S15-5

A Novel Holistic Approach to the Taphonomic Analyses of Tropical Cave Fossils

Holly Ellen Smith1, Julien Louys1, Jahdi Zaim2, Yan Rizal2, Aswan2, Mika Rizki Puspaningrum2, Agus Trihiscaryo2

1Australian Research Centre for Human Evolution, Griffith University

2Geology Study Program, Institut Teknologi Bandung, Indonesia

Critically, conventional direct dating of fossils can form a timeline of hominin and associated faunal arrival, migration, settlement and extinction patterns. However, fossiliferous deposits in caves are not static; they are disturbed by complex depositional processes over long periods, particularly in tropical climates, and this can strongly affect stratigraphic integrity.

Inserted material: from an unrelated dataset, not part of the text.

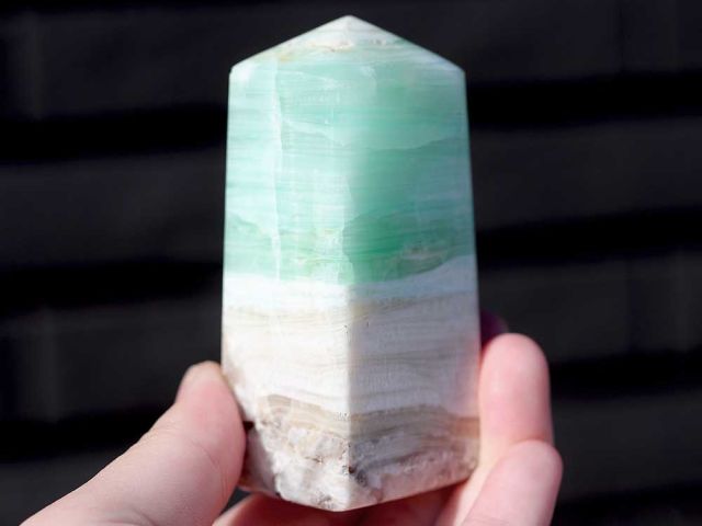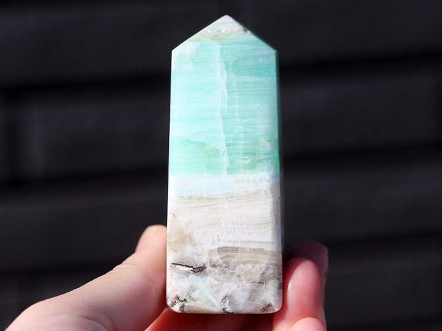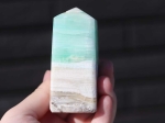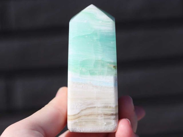 穏やかな時間 グリーンブルー、白、茶色 バンデッド・ブルーアラゴナイト オベリスク 075

These complex processes have made it difficult to ascertain the provenance of vertebrate remains in tropical cave environments and the taphonomic factors that influence them. Natural mixing processes in tropical caves could lead to several different ecosystems separated by tens of thousands of years appearing to have co-existed, which may have serious implications for our understanding of environmental change and biodiversity responses in the tropics, and thus reshape the narrative of our ancestor's colonisation and migration patterns. My research aim is to use a holistic approach to resolve mechanisms of site formation, depositional history, and faunal accumulation in tropical caves, vitally conserving the original integrity of excavated fossiliferous deposits to analyse taphonomic histories that would otherwise have been destroyed using conventional analyses and excavation methods. My research presents a unique taphonomic effort in the tropics to integrate multi-scale and multi-dimensional techniques to contextualise palaeontological material, namely neutron tomographic analysis and micromorphology. My contextual approach interprets the various formation processes rather than constructing sedimentation rates through direct dating methods, and thus underlines the biases inherent in the conventional techniques. This study generates a more complex and complete model of taphonomy and site formation history in tropical caves which has the potential to inform on the accuracy of previously calculated ages and the true contemporaneity of faunal remains contained within.